"It took nine thousand steps + one to get there!".
That is how my grandma used to answer with a smile on her lips when I asked her how long it used to take to get from Alghero to Olmedo at the beginning of her adolescence. I never understood if she threw that “+ 1” in there because she had no idea how to say 9001 or if it was just for fun.
“Long ago in 1922, they used to leave from Alghero to go to the Olmedo countryside and pick olives, in that place about 8 km away where the land produced more substantial fruit. They left with a pair of worn shoes when it was still dark out, and they arrived at dawn to have the entire day ahead for the harvest; they would work bent over until you could see the greenish outline of the olives, then another “nine thousand steps + 1” to go back to Alghero. Time, back then, was marked by steps.”

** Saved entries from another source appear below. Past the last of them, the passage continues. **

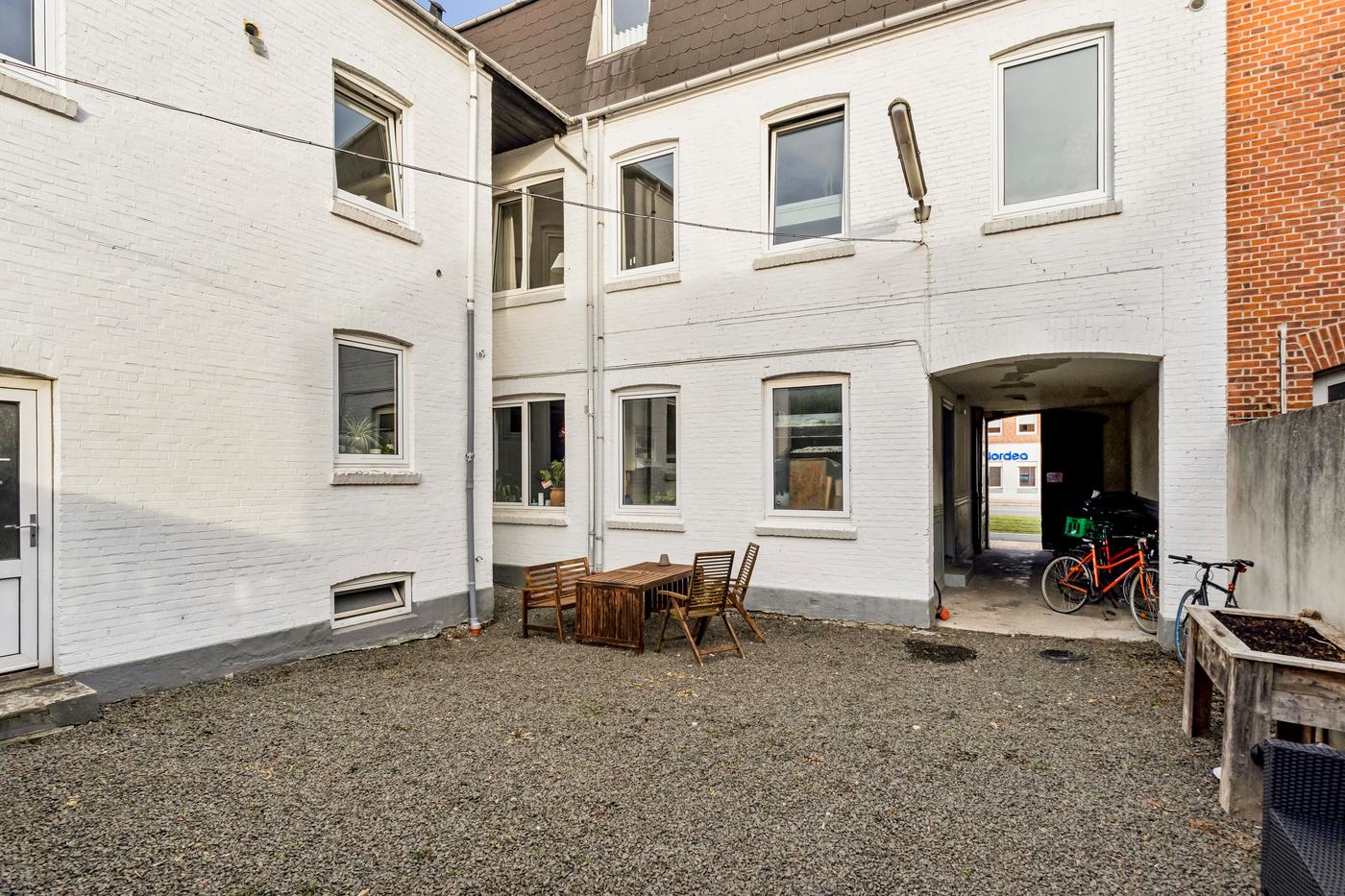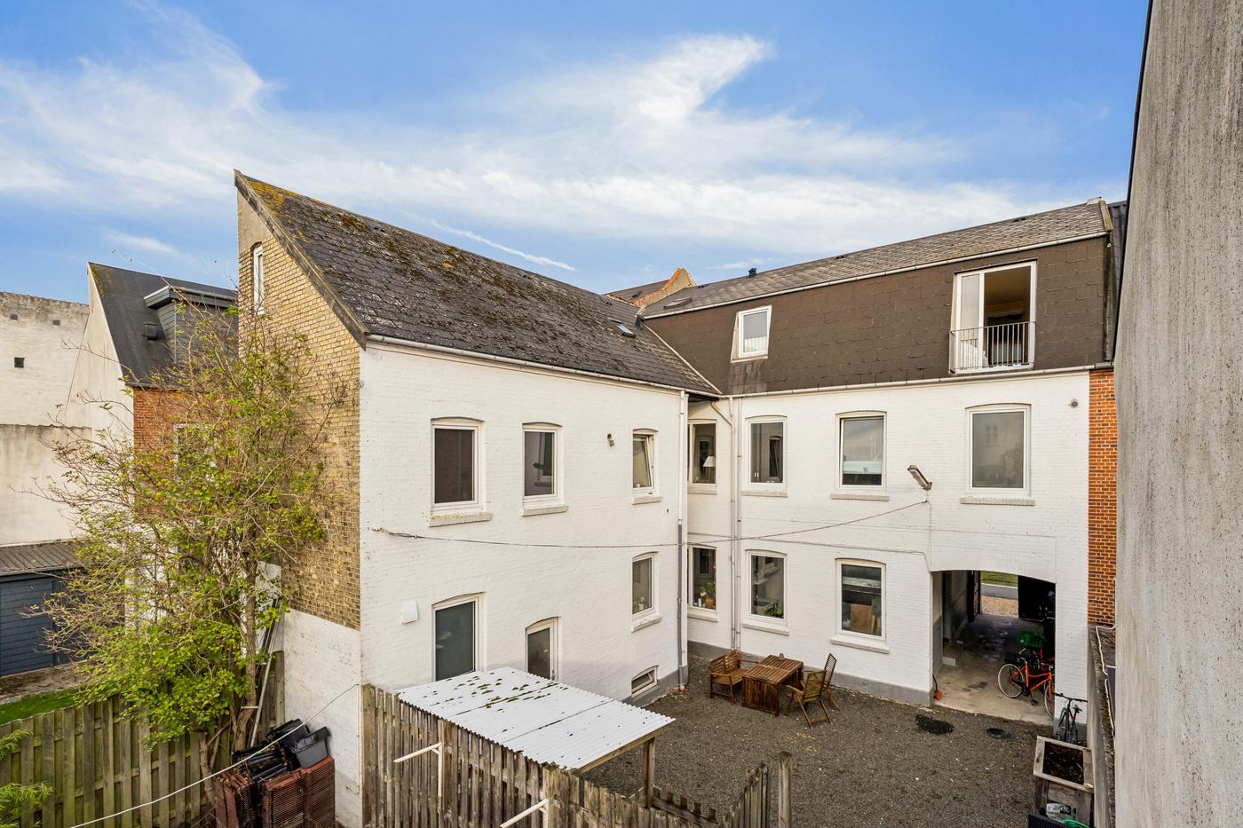 Der er adgang til et mindre gårdmiljø, som skaber en afskærmet og funktionel ramme for ejendommen. Beliggenheden placerer ejendommen tæt på banegården og letbanen, hvilket sikrer nem adgang til offentlig transport, indkøb og byens øvrige faciliteter.
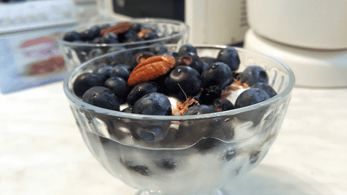 Десерт из йогурта с голубикой и пророщенной пшеницей
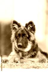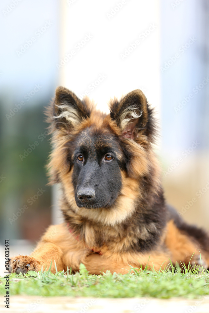 Portrait of a black and tan long-haired german shepherd puppy
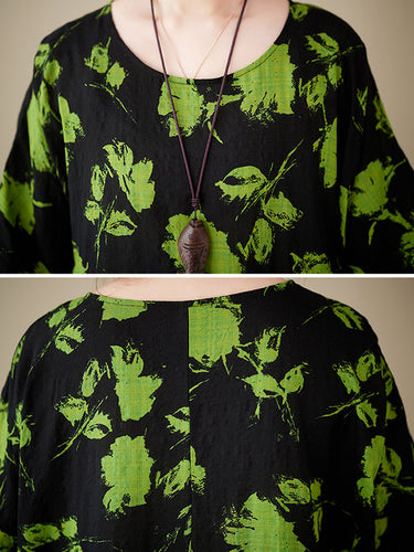 Lose florale Falten mit Rundhals-Midi-Kleidern
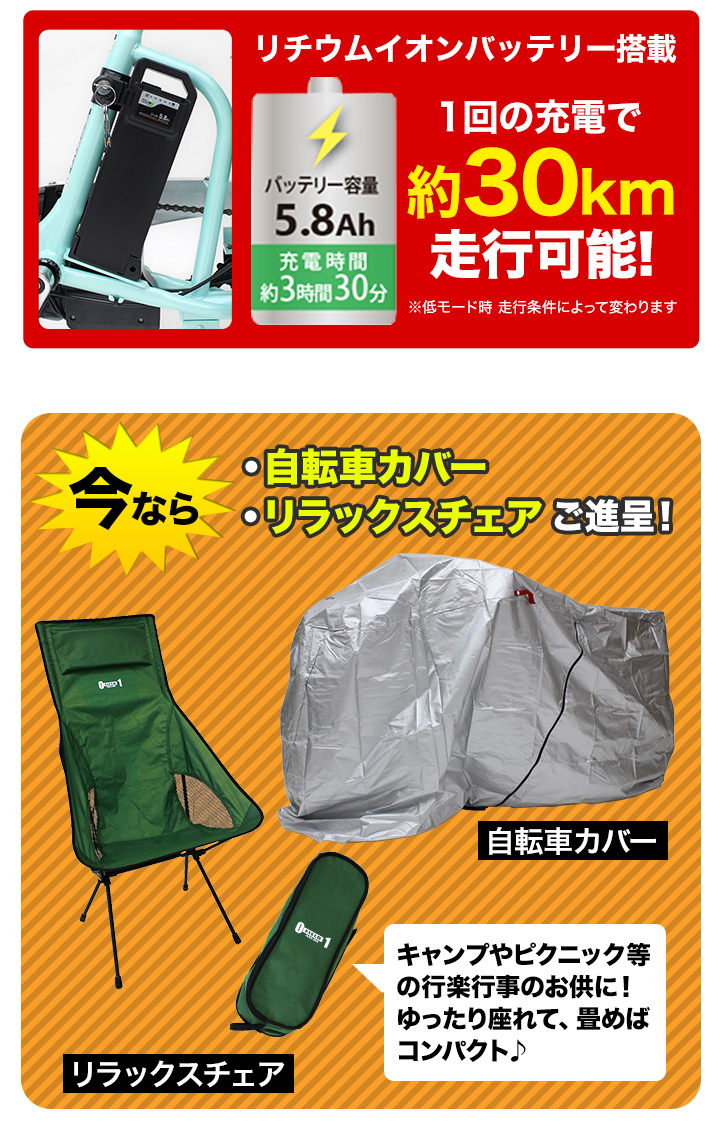 ご購入から1年間のメーカー保証付き。今なら自転車カバーとリラックスチェアをご進呈♪
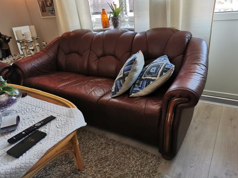 Brun skinnsofa
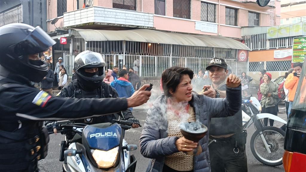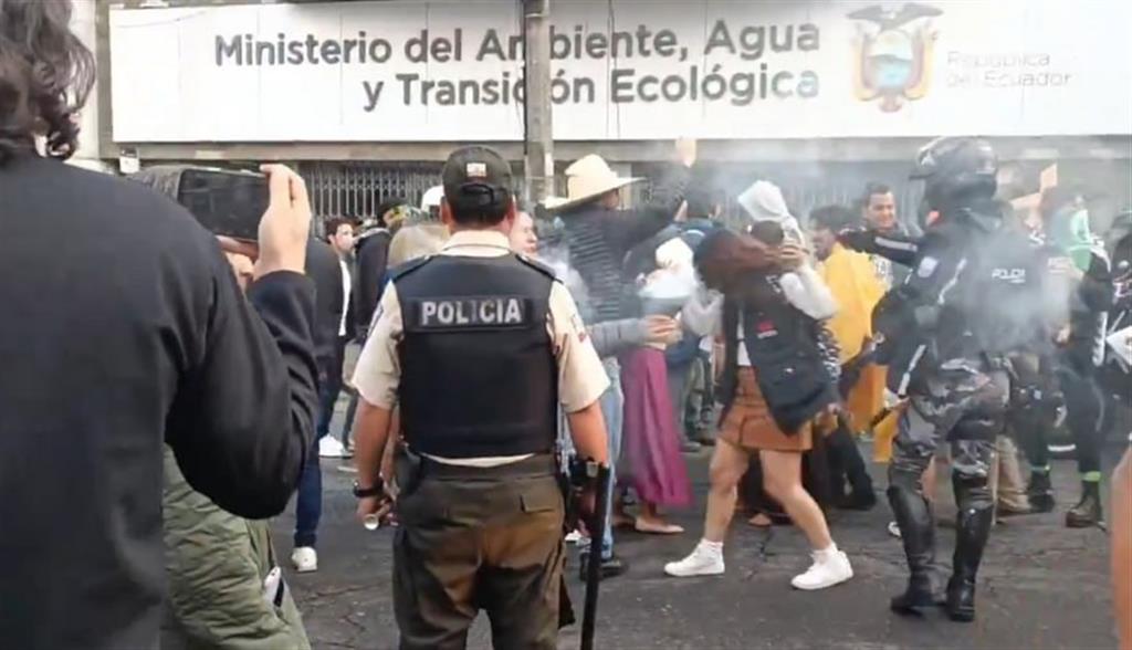 Policías y militares de #Ecuador reprimieron hoy con gases lacrimógenos una protesta contra el avance de la minería que tenía lugar frente al @Ambiente_Ec, en #Quito @PrensaLatina_cu pic.twitter.com/IrdHHCjSJK

It is from this little anecdote recounted by my grandmother when I was a child that the idea of my reportage came: from the desire to discover a world that we, of the “post duplex” generation, Unshakably devoted to modern life “at all costs”, did not know. In order to realize the project, I decided to go to a place that is not yet considered a tourist destination for the masses, a place where gsm roaming does not work and where there is intermittent electricity in the main cities, but never in villages where ethnic minorities live. I went to Myanmar, formerly Burma. I met a local guide and, with him, walked about 70 km from Kalaw to Inle lake during which time I was able to meet and be in close contact with some of the ethnic minorities in the area; I slept in some villages and I endeavoured to record the rhythm of their lives and what I encountered during the journey trying to imagine what was, at one time, the life that my grandma led. who knows, maybe with that “+ 1” she meant the beginning of my steps.